Welcome to a customizable face recognition system designed to identify individuals in photographs based on a user-populated database of facial images. This powerful tool harnesses Python and its potent libraries, such as face_recognition
and opencv
, offering a blend of accuracy and user-centric functionality. Tailor the database with your images and let the system pinpoint matches with ease.
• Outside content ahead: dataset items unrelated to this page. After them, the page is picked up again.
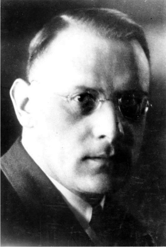
Hans F. K. Günther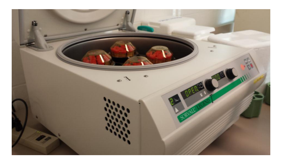
Figure 1: Thermo Scientific<sup>TM</sup> Sorvall<sup>TM</sup> Legend<sup>TM</sup> T Plus Centrifuge

The analytical balance is used to determine the chemical and precipitates weights. The centrifuge is used to separate the solid precipitate and the supernatant and is shown in Figure 1.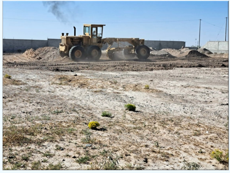
Leveling the ground for the school, Oct. 2023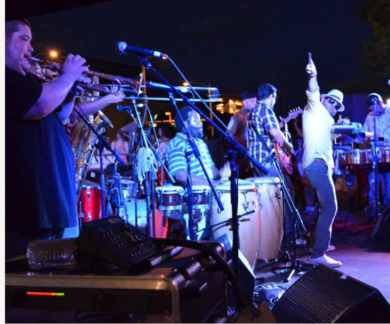
Grupo Fantasma performs during Music Under The Star

history. Two Family Days for this film and Rocky Mountain Express offered more hands-on activities for families and garnered remarkable attendance numbers.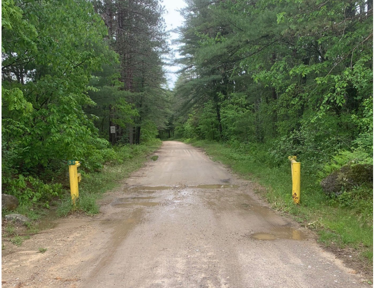
Informational Photo Number 3: Barre Falls Dam location for single leaf gate removal and installation. Coldbrook Road in Oakham, MA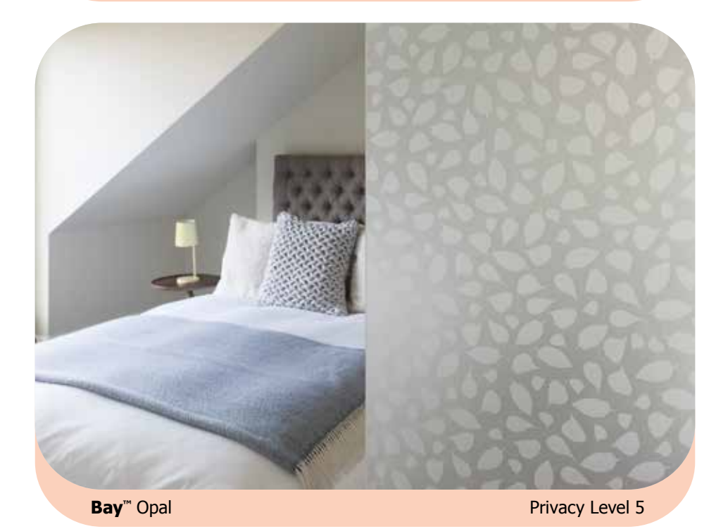
Privacy Level 5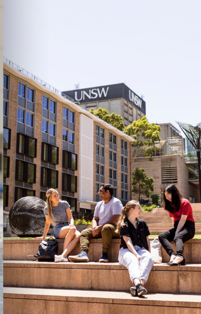
UNSW main walkway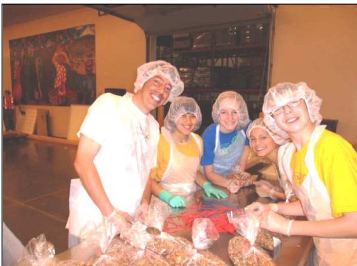
Middle School Youth and Adult Advisors bag pinto beans into 2-pound bags at the Oregon Food Bank in October!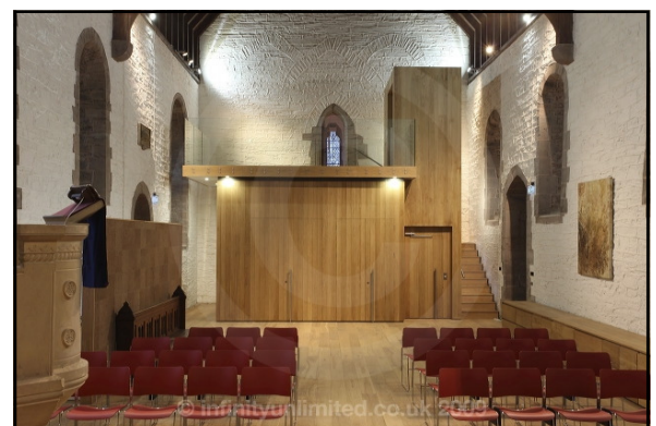
The facilities and lift inserted into the nave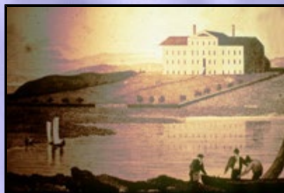
Naval War College Museum Newport, Rhode Island

After the war, Luce organized the Navy's apprentice training program to prepare seamen and petty officers for fleet duty and served as the Naval Academy's Commandant of Midshipmen from October 1865 to June 1868. He was commissioned Commander, July 25, 1866 and commanded the practice squadrons of the Naval Academy. He then returned to sea as commanding officer of the gunboat Mohongo , in the Pacific, and steam sloop Juniata in the Mediterranean Sea, 1866-1872. Promoted to Captain on December 28, 1872, Luce served at the Boston Navy Yard until the autumn of 1875. He then commanded the steam sloop Hartford , flagship of the North Atlantic squadron, in November, 1875 and served as such until August 1877. His later career was heavily involved with educational affairs, initially as Inspector of Training Ships 1877-1878, then in command of the training ship Minnesota 1878-1881, and promoted Commodore, November 25, 1881. As Commodore he commanded the U.S. Training Squadron from 1881 to 1884. He served as President of the Commission on the sale of Navy yards in 1882 and later ordered to the command of the North Atlantic squadron as acting Rear-Admiral, July 26, 1884.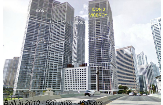
Built in 2010 - 520 units - 48 floors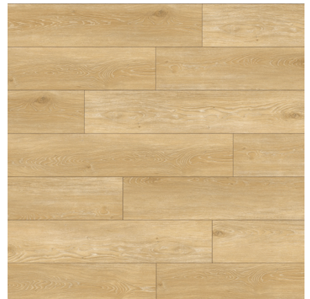
Canvas 100006812 9"x60" Stone Polymer Composite Vinyl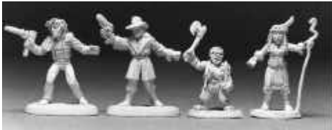
20-500 Shadowrunners. Normally $6.50, now only $5.85.

When ordering by phone, please remember to tell the operator you are ordering items featured in this ad in the Shadowrun Supplemental in order to receive the special discount price. These prices are available only through this special offer in The Shadowrun Supplemental.

- Face Detection: Utilizes Haar Cascade classifiers to detect faces within images. 🔎
- Face Recognition: Matches detected faces against a pre-established database to identify individuals. 👤
- Annotation: Labels recognized faces with rectangles and their corresponding names. 🏷️
- Scalability: Designed with future enhancements in mind, including video file processing. 📈
Ensure you have Python installed, and then set up the required libraries with the following commands:
pip install face_recognition opencv-python
Get the code by cloning this repository:
git clone https://github.com/your-github-username/face-recognition-system.git
- Prepare a database directory containing named images of individuals.
- Execute the script.
- Select an image through the file dialog prompt.
- Let the system work its magic, detecting, recognizing, and annotating faces, saving the output as result.jpg.
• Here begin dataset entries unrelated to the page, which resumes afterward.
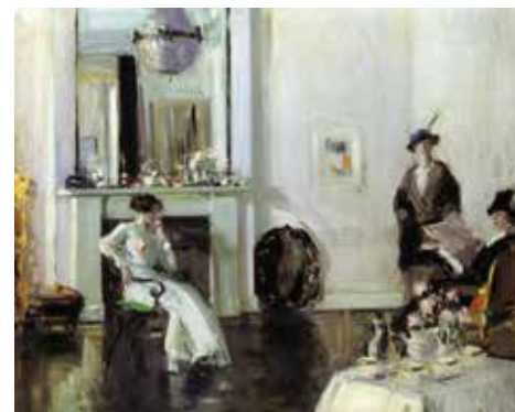
Afternoon by Francis Cadell, 1913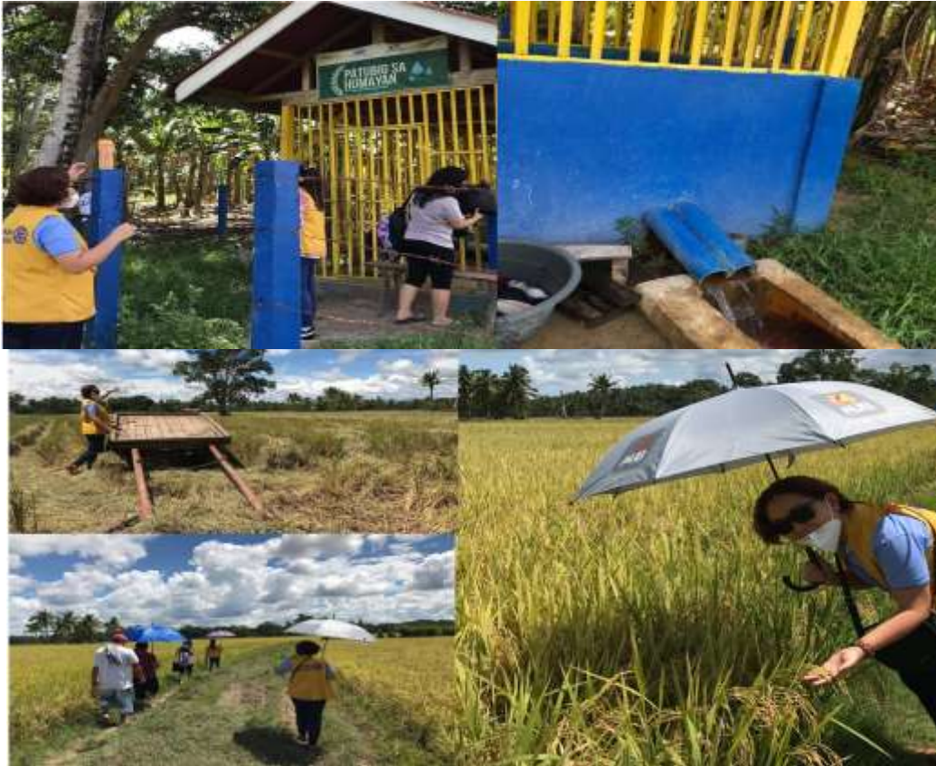
Regular visit and monitoring of Patubig sa Humayan Project 29 September 2020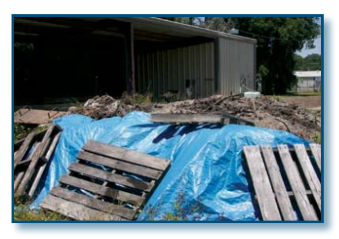
Figure 21. Example of improper handling/storage of solids. An attempt was made to cover the pile with a tarp; however the coverage is not complete, so the rain water can wash and carry away solids from the pile.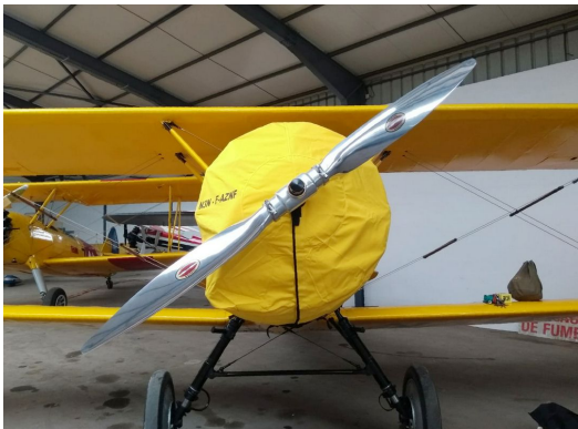
N3N Engine Cover

This cover type is made from Silver Acrylic Sunbrella canvas and is 100% lined with a soft and smooth microfiber. Bruce's Custom Covers developed this material combination especially for aircraft protection. The outer material is medium weight and treated for water resistance, UV resistance and anti-static buildup. The inner lining is a very soft and smooth microfiber to prevent scratching. The material is very reflective, and tests show that the cabin interior temperature can be reduced to near-ambient temperature on the hottest of days. It is water, ice and snow repellent, yet breathable to allow moisture to escape from between the cover and the aircraft surface.

Navigate to the script's directory and run:
python main.py
The database should meet the following criteria:
- Only image formats such as .png, .jpg, .jpeg, .tiff, .bmp, or .gif.
- Each image should display only one individual's face.
- Image filenames should correspond to the individual's name.
The processed image will be stored as result.jpg in the project's root directory, complete with labeled rectangles around each recognized face.
Your contributions are welcome! If you have suggestions for improvements, please open an issue to kick off the discussion.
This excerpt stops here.